List of confirmed tornadoes – Monday, June 22, 2026
| EF# | Location | County / Parish | State | Start Coord. | Time (UTC) | Path length | Max width |
| EF2 | Western El Reno | Canadian | OK |  | 06:30–06:34 | 2 mi (3.2 km) | 180 yd (160 m) |
This strong tornado initially developed northwest of El Reno and moved southeast, breaking a utility pole before entering a neighborhood. At least two homes lost most of their roofs and sustained partial garage collapses, while numerous other homes suffered varying degrees of roof damage. Trees and fences were also damaged throughout the neighborhood before the tornado dissipated prior to reaching I-40 Bus.
| EF1 | Southeastern Oklahoma City | Oklahoma | OK |  | 06:59–07:04 | 4.6 mi (7.4 km) | 100 yd (91 m) |
A QLCS tornado touched down in southeast Oklahoma City and tracked southeast through Valley Brook, causing roof damage to a number of homes and businesses along its path. Damage was concentrated in several areas before the tornado crossed I-240 and dissipated.
| EF1 | Harrah | Oklahoma, Lincoln | OK |  | 07:12–07:15 | 3.4 mi (5.5 km) | 75 yd (69 m) |
This tornado developed near the North Canadian River and moved southeast through Harrah, damaging trees, power lines, and power poles. It then turned east to east-northeast out of town before crossing into Lincoln County just north of US 62 and dissipating shortly afterward.
| EF1 | Wetumka | Hughes | OK |  | 08:10–08:16 | 5.3 mi (8.5 km) | 100 yd (91 m) |
This tornado began just south of OK-9 west of Wetumka and moved east, damaging trees and power lines near the intersection of OK-9 and OK-27. The tornado reached peak intensity southeast of Wetumka, where additional trees and power poles were damaged and several trees were uprooted before the tornado dissipated.
| EF1 | Ozark | Franklin | AR |  | 11:16–11:24 | 3.3 mi (5.3 km) | 400 yd (370 m) |
This early morning hours tornado touched down west of the city of Ozark, initially traveling east-northeast. Numerous trees were snapped or uprooted, with some landing onto homes, and an outbuilding was destroyed east of US 64. Then the tornado went through two neighborhoods, snapping and uprooting trees, with homes damaged by tree limbs falling on them. The tornado turned southeast and crossed US 64, snapping more trees and damaging signs.
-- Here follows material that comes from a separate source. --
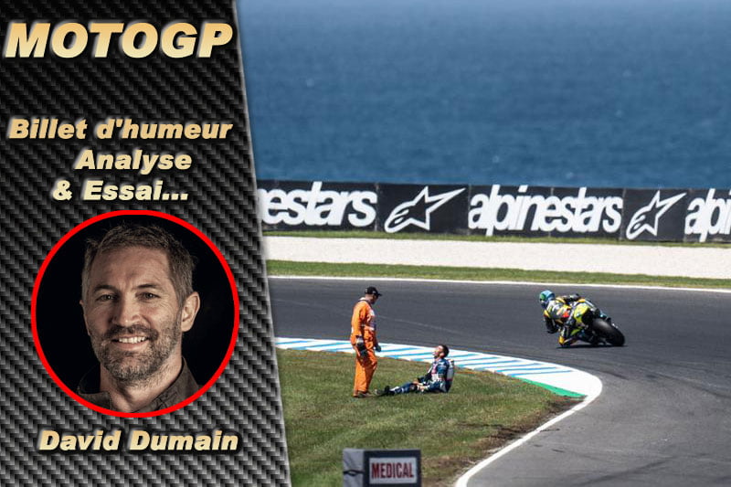 « On n’a pas compris pourquoi ils n’ont pas mis de drapeau rouge » a répondu le journaliste français Michel Turco – sur place en Australie – à la question de Margaux Levanto, chroniqueuse de l’émission de débrief After Sunday scandalisée par cette situation. Dans cette même émission, André Cazeneuve de Paddock-GP a vu dans cette absence de décision la volonté des instances dirigeantes de ne pas provoquer un retard dans la retransmission du programme-phare, le MotoGP, programmé juste après la course Moto2 et qu’un drapeau rouge aurait immanquablement perturbé. Si tel est le cas, il est purement intolérable que la vie d’un pilote de Moto2 cloué au sol à cause d’un fémur fracturé, ait été remise en l’espace de deux tours entre les mains de ses 25 adversaires toujours lancés à fond dans leur course et le frôlant à deux mètres, simplement alertés par un drapeau jaune… Et que dire des commissaires qui l’ont courageusement secouru, eux aussi têtes nues et menacés par des motos évoluant à pleine vitesse ?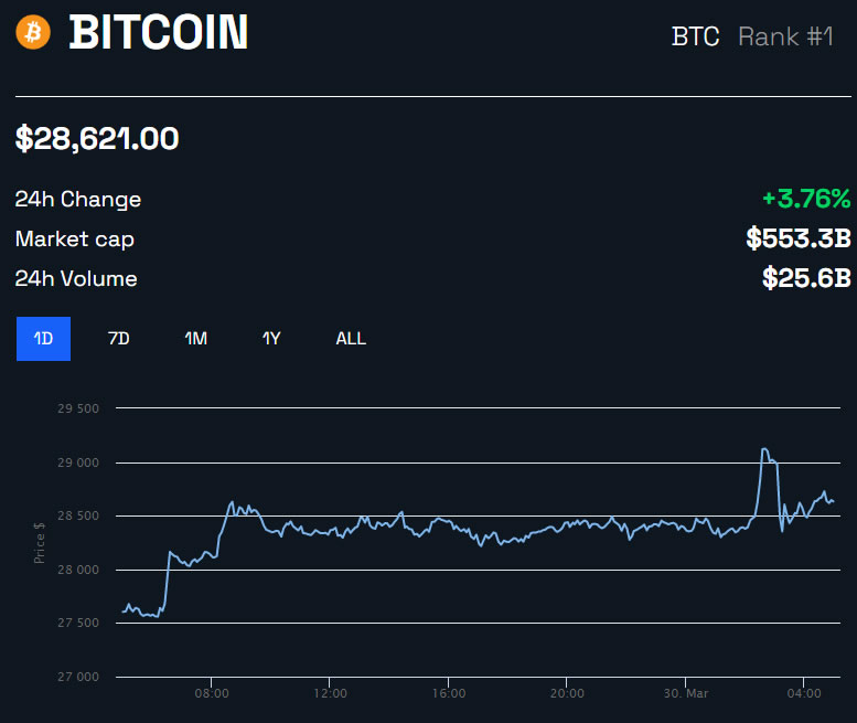 BTC đạt mức giá cao nhất trong 9 tháng vào rạng sáng ngày 30/3. Loại tiền điện tử được xếp hạng hàng đầu theo vốn hóa thị trường đã đạt đỉnh 29,000 USD trong một thời gian ngắn trước khi giảm nhẹ. Tại thời điểm viết bài, BTC được giao dịch ở mức 28,621 USD, sau mức tăng hàng ngày là 3.7%.

The tornado dissipated shortly after crossing the Arkansas River.
| EF0 | N of Larkin | Jackson | AL |  | 18:33–18:34 | 0.54 mi (0.87 km) | 100 yd (91 m) |
This tornado touched down north of Larkin, initially inflicting moderate tree damage. It then destroyed a chicken coop and a barn building and uprooted a tree. The tornado continued debranching trees before quickly dissipating.
| EFU | SE of Fort Stockton | Pecos | TX |  | 20:05–20:15 | 2.17 mi (3.49 km) | 30 yd (27 m) |
This tornado remained in rural areas. No damage was found.
| EF2 | SW of Savageton | Campbell | WY |  | 20:31–21:05 | 12.7 mi (20.4 km) | 600 yd (550 m) |
This strong tornado snapped 13 power poles at their bases, and inflicted significant structural damage to at least one home.
| EF1 | SE of New Market (1st tornado) | Madison | AL |  | 20:58–21:04 | 5.51 mi (8.87 km) | 60 yd (55 m) |
Trees were snapped and softwood trees were debranched.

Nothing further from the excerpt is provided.